Oil Company PR Men Under Fire

IRAQ-CRISIS PROFITS

By , Staff writer of The Christian Science Monitor

WHAT does it take to be an oil company public relations manager? ``You have to be somewhat of a masochist because you're on the defensive, it seems like, all the time,'' says Jere Smith, director of media relations for Phillips Petroleum Company, in Bartlesville, Okla.

In normal times an oil company spokesman would be preoccupied answering seemingly endless environmental criticisms, or dispelling the notion that ``the oil companies'' bought the patent to a fuel efficient engine to keep it off the market and protect gasoline sales. (``No, there is not a 300-mile-per-gallon carburetor sitting out here,'' the Phillips spokesman says. That old myth ``still pops up.'')

Times have not been normal for oil's public relations officials since Iraq invaded Kuwait Aug. 2. The cost of gasoline and oil company earnings jumped dramatically and then moderated, bringing new accusations: price gouging and windfall profits.

Recommended: How much do you know about gas prices? Take our quiz!

``Will we once again allow the multinational oil companies to profiteer at the expense of our constituents?'' Rep. Paul Kanjorski of Pennsylvania asked last month in introducing a bill to tax ``undeserved war gains.''

Profiteering is ``a pretty nasty thing to be accused of,'' says Larry Shushan, manager of media relations for Chevron Corporation in San Francisco. It means ``gleefully and intentionally taking advantage'' of people who are in a bind, he says. ``That certainly isn't the case at all.'' The real case, according to oil industry PR men, is this:

Market forces beyond the control of oil companies drove up the price of oil, and therefore company profits. The same forces have driven prices down again.

1989's fourth quarter was one of weak earnings for oil companies, made worse for some by colossal one-time expenses: Exxon, $800 million for the Valdez oil spill; Chevron, a write-down of $1.2 billion mainly spent to develop an oil field that regulators won't let produce. Even an ordinary 1990 fourth quarter would have compared very favorably.
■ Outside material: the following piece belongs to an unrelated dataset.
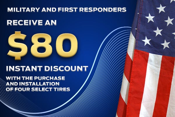 On these name brands: Goodyear®, Michelin, BFGoodrich®, Continental, General, Pirelli, Hankook, Bridgestone, Falken, and Toyo®. *The Ford Military and First Responder Tire Discount Program is available to active and retired Military and First Responders who purchase and have installed a set of four (4) qualifying tires. Qualifying customers are eligible to receive a discount of $80 off participating brands at the time of installation. Participating brands are: Goodyear®, Michelin, BFGoodrich®, Continental, General, Pirelli, Hankook, Bridgestone, Falken, and Toyo®. Toyo medium/commercial truck and Motorsport patterns are excluded. This discount is in addition to any other eligible discount, rebate, or offer a dealer or tire manufacturer may already provide. Tires must be installed at a participating U.S. Ford Dealer, Lincoln Retailer, or Quick Lane® Store. Prior authorization is necessary before work is performed, and program-provided Hero Code must be presented at the time of purchase - ID.me account and validation are required. Hero Code is nontransferable and can only be used by the associated ID.me account holder. Additional details can be found here: Military and First Responders Tire Discount. Maximum of two Hero Codes per calendar year per customer can be generated/claimed. Offer valid for tires purchased and installed 1/1/25 - 12/31/26. Unused 2025 Hero Codes expire after 12/31/25. Unused 2026 Hero Codes expire after 12/31/26. Quick Lane® is a registered trademark of Ford Motor Company. Plus tax and applicable fees. May not be combined with any other offer. Must present coupon at time of write-up. See dealer for details. Offer Expires 12/31/26.

During the 1980s, when other United States industries had a 14 percent rate of return, oil had a 10 percent return. Shushan says that Chevron's earnings are back up to the level of 10 years ago.
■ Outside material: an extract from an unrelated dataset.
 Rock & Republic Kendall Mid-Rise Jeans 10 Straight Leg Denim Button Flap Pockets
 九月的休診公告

But the earnings look smaller to a company that has grown by 60 percent in that time, especially since inflation has eroded their value by 30 percent.

Oil is one of the least concentrated industries. No oil company has more than a 9 percent share of the US gasoline market. ``It's probably the most competitive industry in the world,'' says Douglas Elmets, director of media and public affairs for ARCO in Los Angeles.

Oil companies don't set gasoline prices, individual dealers do. Mike Thompson, the director of corporate media relations at Amoco Corp. in Chicago, passes by two company service stations every day. Although they pay the same wholesale price for gasoline, the stations charge prices that sometimes differ by seven or eight cents per gallon.

This is now the third time a crisis in the Middle East has boosted oil prices and oil company profits. Compared to 1973 and 1979, the media are doing a good job of explaining the factors at work, the PR executives agree. But initial television coverage was flawed, they say.

``People are very emotional about gasoline,'' Shushan says. When prices first went up, he adds, TV spent too much time thrusting microphones into consumers' faces and asking for a reaction, and not enough time on explanation and analysis - a ``grave disservice to the public.''

For instance, gasoline would cost less than before the invasion if the price didn't include new taxes, Shushan says.

``Good luck getting reporters covering the story of gasoline prices to include that, as important a detail as that is, in a story on the air. You sit here and watch in frustration as they do their minute and 30 seconds on the air'' and leave that detail out, Shushan says.

The PR men fault all journalists for taking at face value the comments or questioning the motives of the oil industry's ``professional critics,'' the environmental and citizens interest groups. Journalists ought to challenge statements they know to be ``simply hogwash,'' says Bill Smith, senior media officer for Exxon Corp. in Irving, Texas.